We checked into Harrah’s hotel and had some of the best sex of our lives. We were now husband and wife, and our lovemaking was a celebration of our deepened union. It was a four-poster honeymoon. I felt the kind of joy I’d feared I no longer had the capacity for after the events of the last year. I could still love and be loved. Bob and my commitment to each other was unshakable and now it was official—well, sort of. It couldn’t be legal because I was still married to Michael.
I didn’t care. Bob and I could never have children, as I was infertile and he’d had a vasectomy. So when he asked me if I would marry him, just for us, I said yes because I truly trusted and loved him. The ceremony was never meant to be official in any way, but rather a pledge of personal devotion to each other. Bob explained that he knew that I was the love of his life, and that having me in his life part-time would be more fulfilling than having someone else full-time.

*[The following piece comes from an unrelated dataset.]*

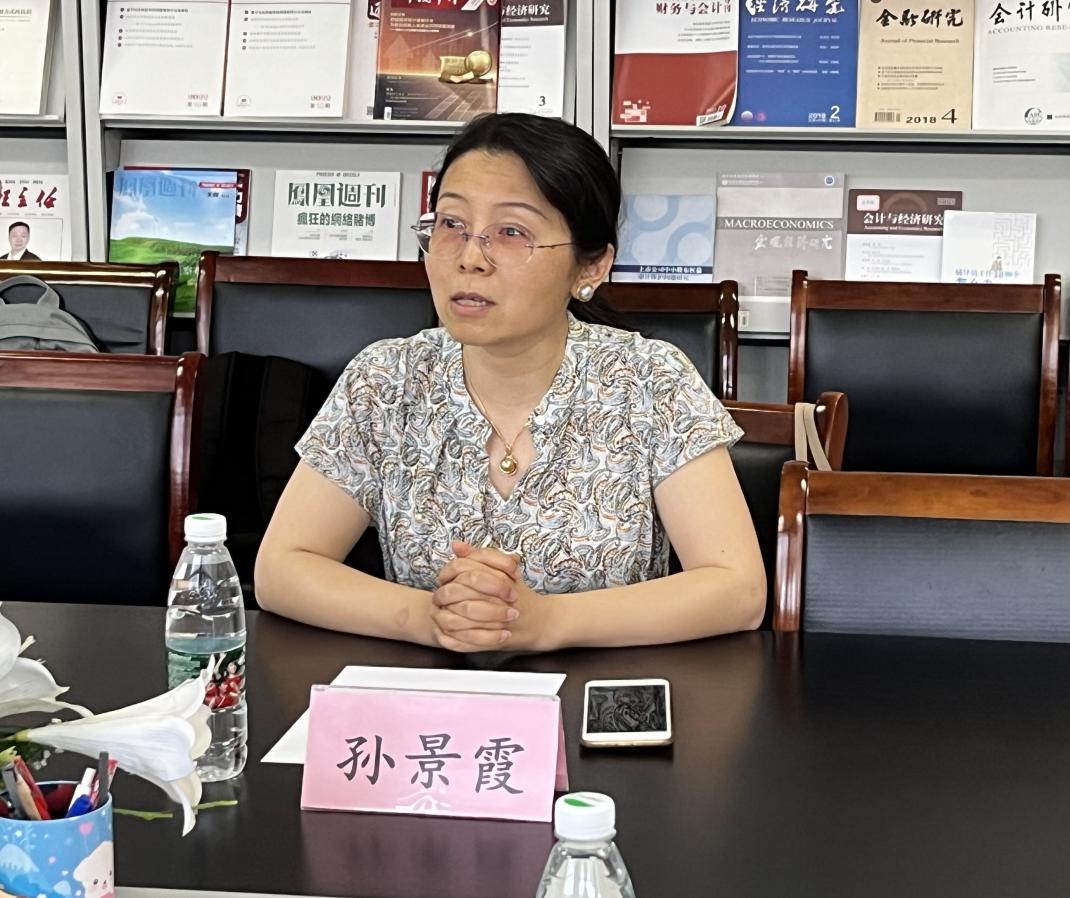 大华会计师事务所江苏分所合伙人孙景霞代表企业进行发言,对企业的发展历程和现状进行简短的介绍,指出事务所员工应具备的能力和专业素养。同时,表示希望能够通过校企合作引进更多优秀人才,为团队发展注入活力,并针对后期的合作提出展望。

When Michael learned about how I had spent Halloween he was furious, but it didn’t matter to me. I had suffered the humiliation of his extramarital family, so as far as I was concerned, if he had a problem with me taking a second husband, that was just too bad. “You’re going to have to deal with it, Michael—just like I’ve had to deal with you having a family with Meg,” I declared. Michael made a hasty call to a lawyer friend. His hope, I’m sure, was that he would hear that I had jeopardized our family’s financial future. “What if he sues us? He could take everything,” Michael roared. Michael never elaborated on what specific legal maneuvering he feared, and I didn’t press him. Bob would never do anything of the sort and neither Michael nor I could articulate the legal grounds that he would act on even if he were so inclined. We both knew it was a bid to drum up fear, regret, and guilt in me, and we both knew it wouldn’t work. Michael’s hollow threat didn’t scare me and he quickly dropped it.
Bob’s dedication to me never waned. In 1983, Michael tossed another hand grenade at our relationship. Meg was pregnant again. If I was impressed that Bob didn’t judge Michael, I was also impressed that he didn’t judge me. I wouldn’t have blamed him if he demanded to know what was wrong with me. Why did I continue to stay with someone who used my heart as a doormat? Love has its own logic. Bob knew this, and I guess he also knew that the best way he could help was to love me in his own uncompromising way. I had never known such unselfish adoration. Without him, I probably would have concluded that I was fundamentally unlovable, simply not good enough for anyone to devote himself to me. Bob gave me proof to the contrary. But it was still Michael whom I lived with and returned to almost every night.
I wasn’t ready to leave Michael. My love for him resembled a law of nature. I didn’t choose it any more than I chose to stay firmly planted on the earth by gravity. I couldn’t fully explain to myself or anyone else why I loved him, and that scared me. I had warned him that he was going to destroy the love I had for him if he kept hurting me. It wasn’t gone, but it had begun to look irrational, and I had started to resent it. Sometimes when I was alone, I sat quietly and tried to imagine returning to the affection I felt for him in the early days. No matter how hard I looked, though, I couldn’t glimpse a road back. All I could see was that imagination has its limits.